P11: Quantifying electronic correlations in many-body wave-functions
Correlated many-electron wave functions |Ψ> are written as linear combinations of Slater determinants. But not every linear combination of Slater determinants is correlated: To find out whether |Ψ> is correlated, we calculate its density matrix <Ψ|c†α cβ|Ψ>. When it is idempotent, |Ψ> is given by the Slater determinant constructed from the occupied natural orbitals . An uncorrelated wave function that can be written as a single Slater determinant has Slater rank one . Many-electron states are correlated when their Slater rank is larger than one. Since the importance of correlations in different wave-functions with the same Slater rank can vary dramatically, it would be highly desirable to be able to quantify the degree of correlation in a given wave function. There have been many attempts to generalize entanglement measures to many-electron states, but results are mainly limited to two-electron systems .
In this project, we plan to explore a practical method for quantifying the correlation in arbitrary N-electron wave functions, based on an iterative procedure: Given |Ψ>, we start by de-termining the Slater determinant |Φ0> with maximum overlap, max|<Φ0|Ψ>|2, . It will give the best approximation to |Ψ> with Slater rank one. We can improve on this by finding the best approximation to the residual |Ψ>−|Φ0>. Iterating this procedure, we find the expansion |Ψ> = Sm,n |Φn> (S−1)n,m <Φm|Ψ>, in which S is the overlap matrix . The inverse participation ratio of the expansion coefficients then provides a measure of how slowly the expansion converges, i.e., how correlated the state is.
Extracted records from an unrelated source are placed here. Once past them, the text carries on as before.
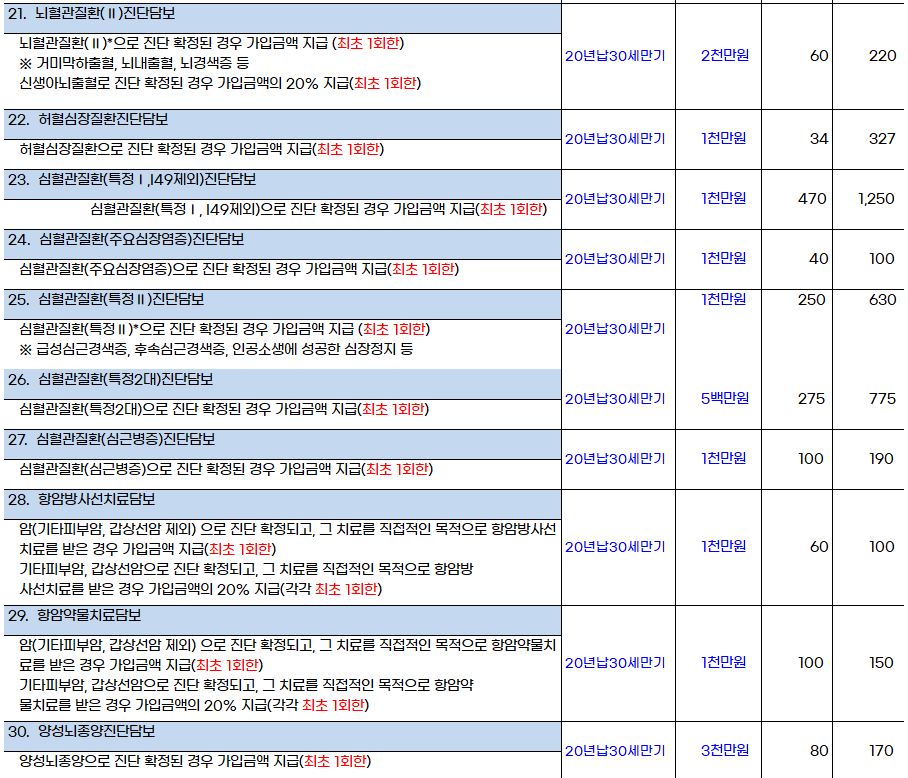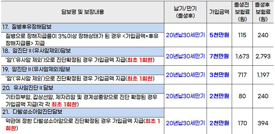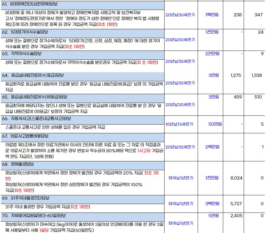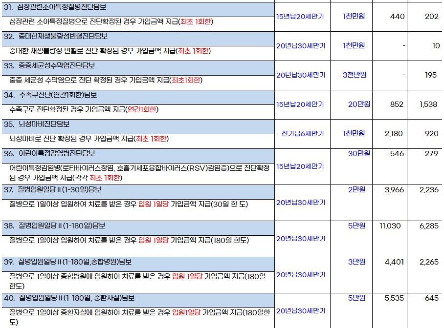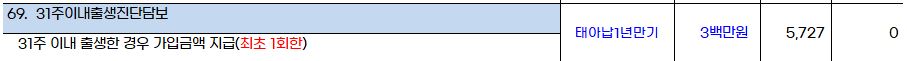 31주이내출생진단담보도 출생 통계적으로 아주 확률이 낮기 때문에 제외했습니다.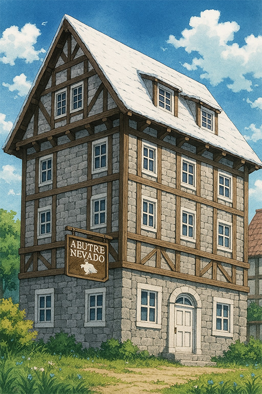 O grupo foi direto até a estalagem recomendada por um dos espiões de Arlon que havia explorado a cidade ao mando do seu rei e, ao menos nesta, encontraram um ambiente mais convidativo. O “Abutre Nevado” era uma estalagem de quatro andares, construída com pedras cinzas e vigas de madeira aparentes e com um telhado de telhas que haviam sido pintadas de branco assim como sua porta e suas janelas.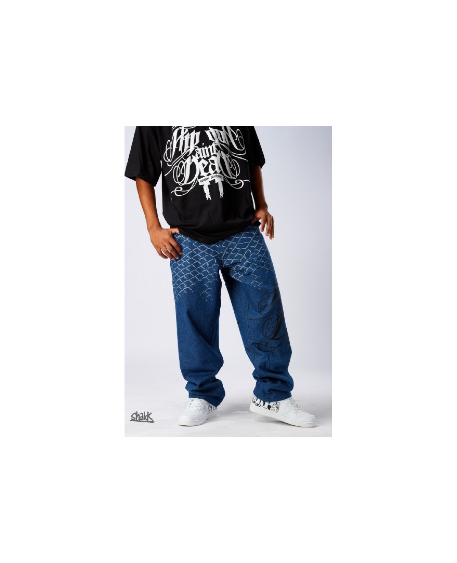 Fed streetwear jeans fra Townz Brand. Modellen er helt lyst denim med det fede Hip Hop Aint Dead logo fra Townz.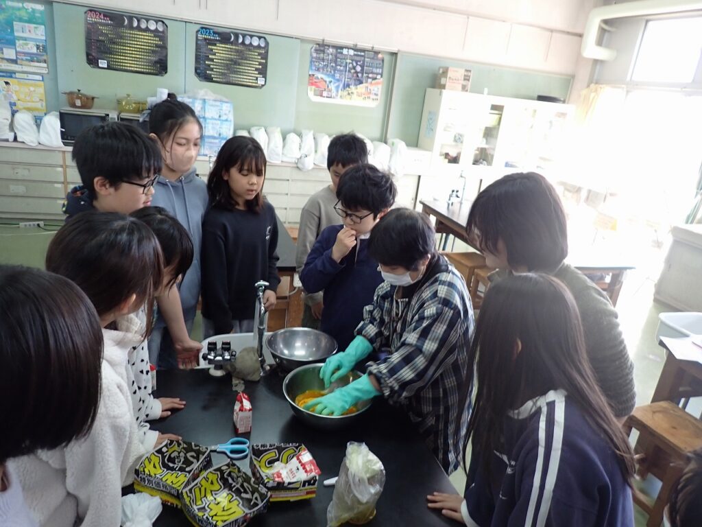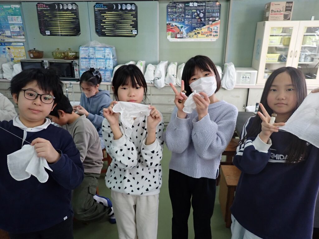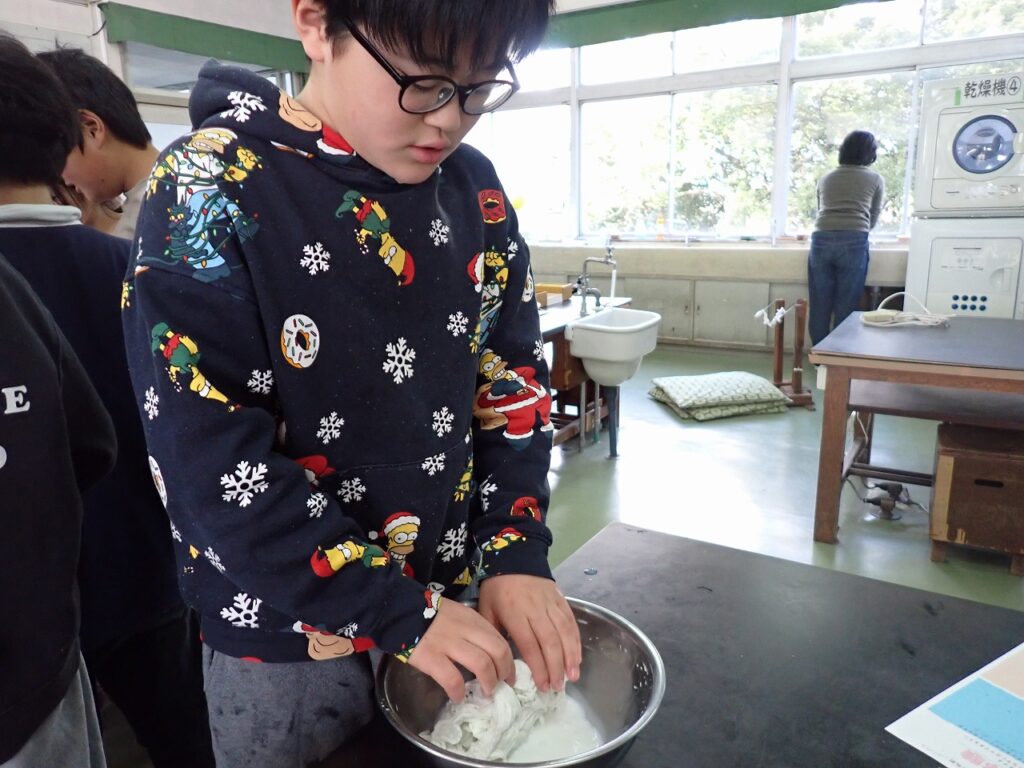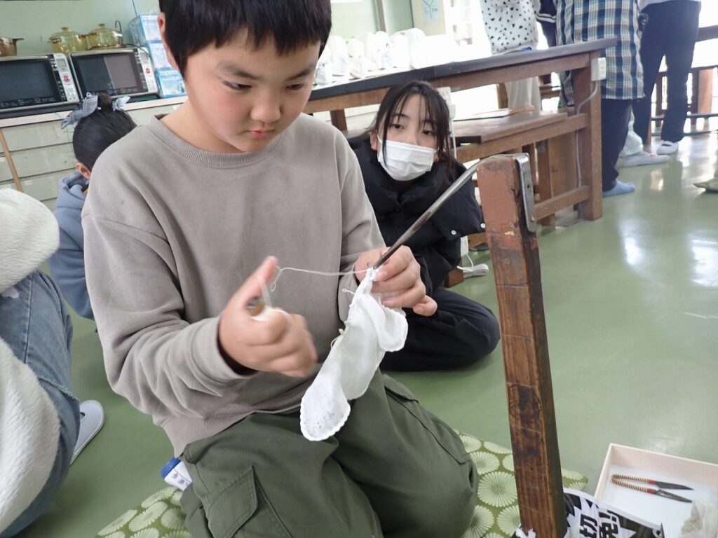 今日は地域の伝統産業を学ぶために日間賀島で受け継げられてきた「板子しぼり」の体験をしました。事前学習で調べたことを思い出しながら、実際のしぼりの歴史や絞り方を学びました。今回はしぼり台を使い、世界に一つだけのハンカチを作りました。細かい作業でしたが、上手に絞ることができましたね。

We plan to test this approach by applying it to exact ground-state wave functions for the Hubbard model obtained from Lanczos , in particular across the Mott transition when either the interaction U or the doping is changed. Furthermore, we will compare the correlation measures of the exact wave function to those obtained by variational approaches, in particular matrix-product states, or more general tensor-network states. This will provide us insights into what types of correlation can be captured by the different classes of approximate wave functions. Using our massively parallel Lanczos solver  we plan, in particular, to investigate how the quality of the approximate wave functions differs for one- and higher-dimensional systems.